Remember the soccer World Cup? The rugby World Cup? The mass of expectations? Speaking to an acquaintance, Doctor Peter Ashman, a community health psychiatrist, we mused on this state of limbo and the concomitant level of expectation created out of the decrepit idea that something must save us.
He, learned doctor that he is, was amazed and questioned himself regularly as to why he was wasting time watching this useless crap knowing it was a ripe recipe for depression. Another set-up within the domicile of false hopes. We shared the feeling of amusement at the excruciating level of despair that filled the stadium in those last moments. Laughed at the many ifs and buts flung around by commentators paid to flirt with speculation while the heavens were merciless with their wet vomit.
I have learnt one valuable lesson from this monstrosity and that is that we are still a nation of liars, pretenders to the throne and easily deluded by those with agendas not worthy of human exploration.
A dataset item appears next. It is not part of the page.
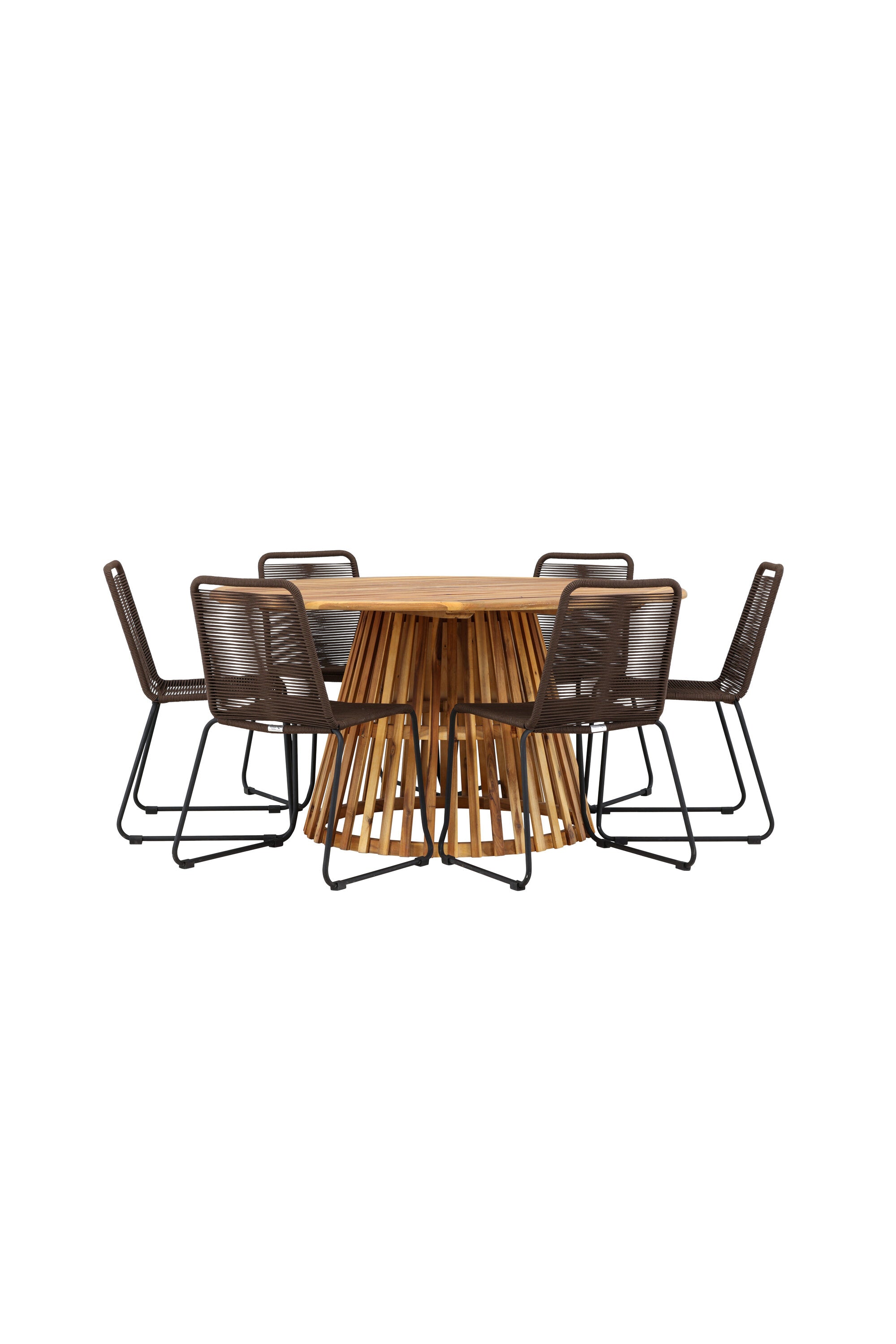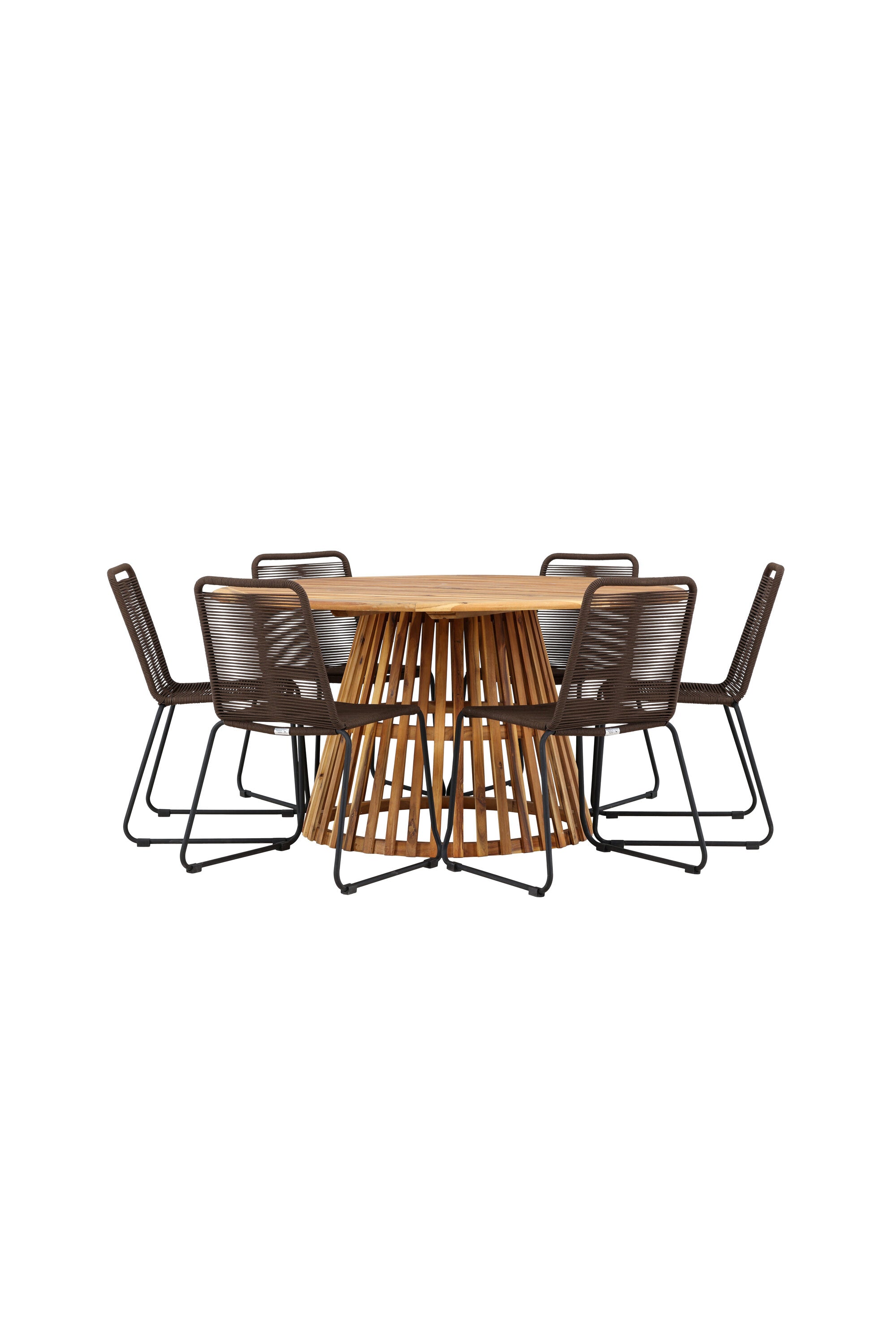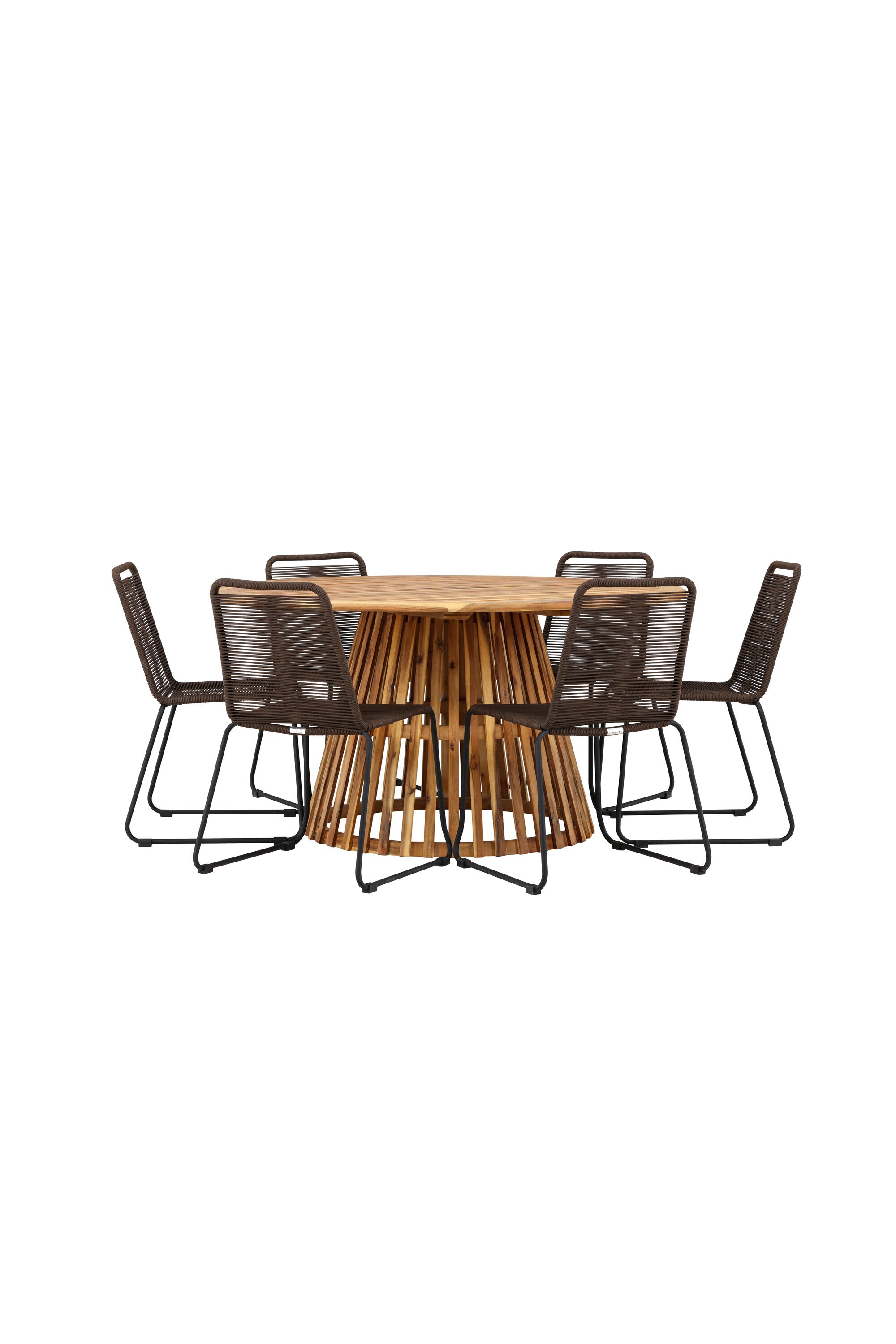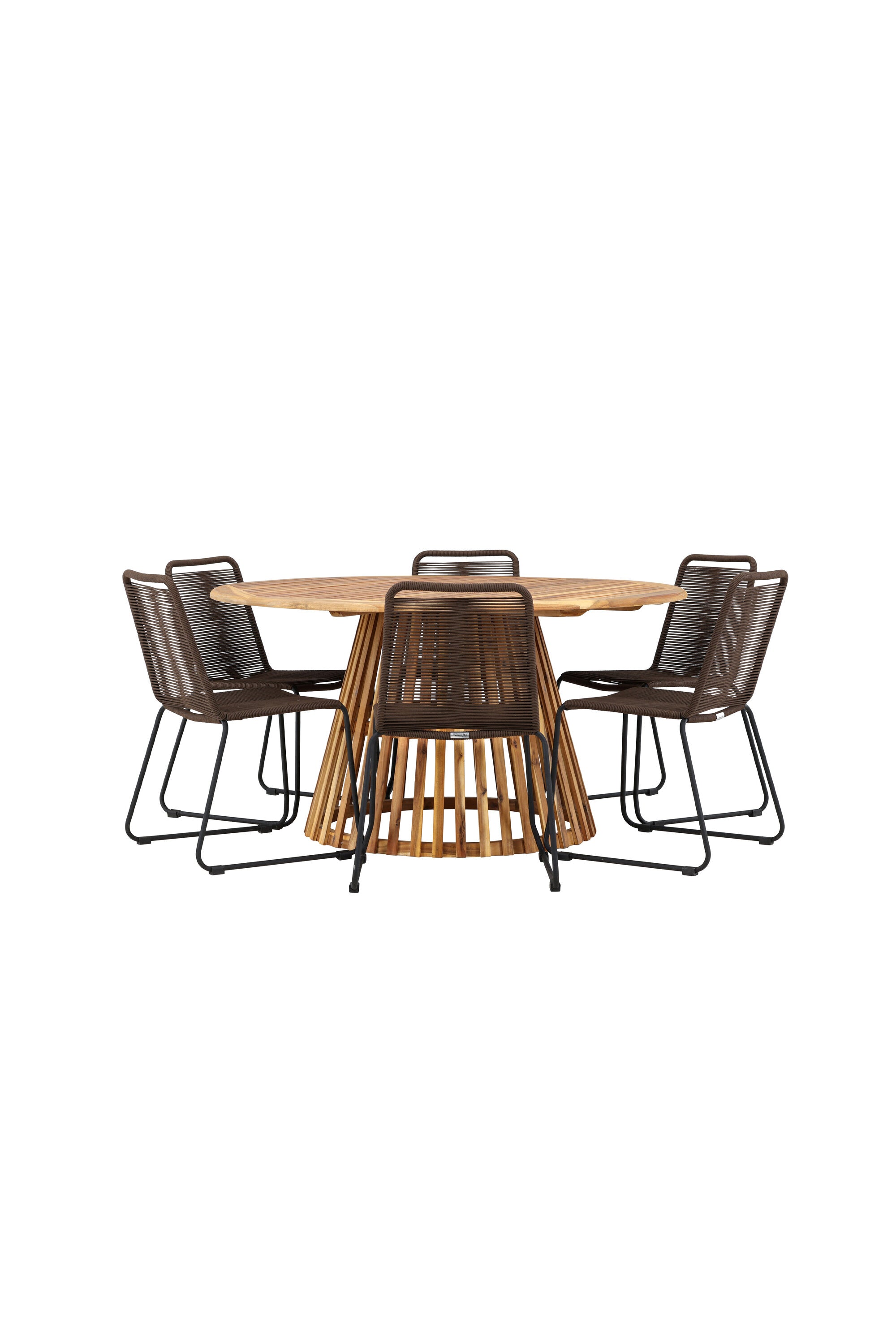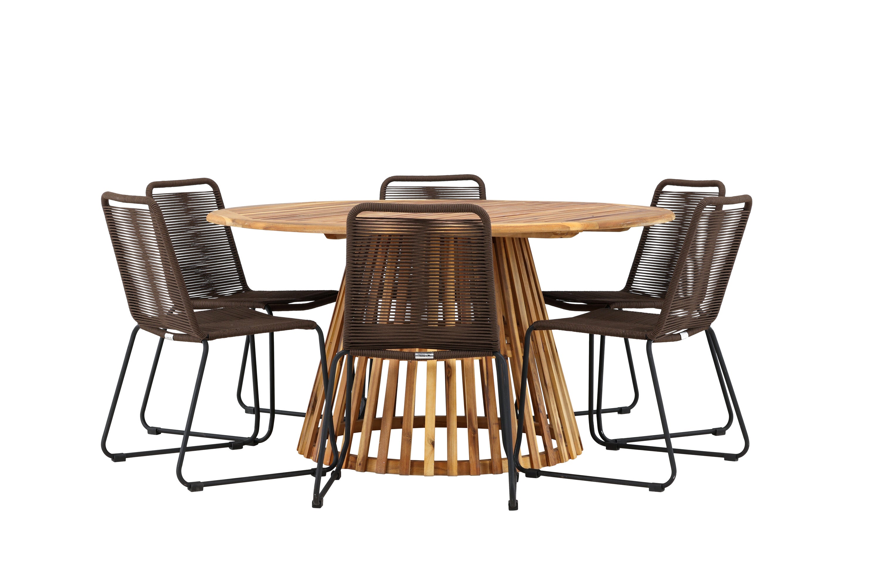 Tato jídelní souprava je dodávána se šesti pohodlnými židlemi, které jsou ideální pro klidné jídlo a venkovní společenské setkání. S jídelním setem Tucumán a Lindos můžete vytvořit příjemné a stylové venkovní prostředí, kde se vaše rodina a hosté budou moci naplno vyřádit.

I have seen that we think nothing of wasting millions of rands in the pursuit of our vainglorious ideals while procrastinating on the simple issues of providing our sick and dying with basic care.
I have seen that we still have our heads so far up the anus of the United States and Europe that we think these arenas, where our gladiators do battle in the games of the “colonisers”, will give us the power to lift our finger in a collective up-yours, stimulate our consciousness or give us the strength to carry on.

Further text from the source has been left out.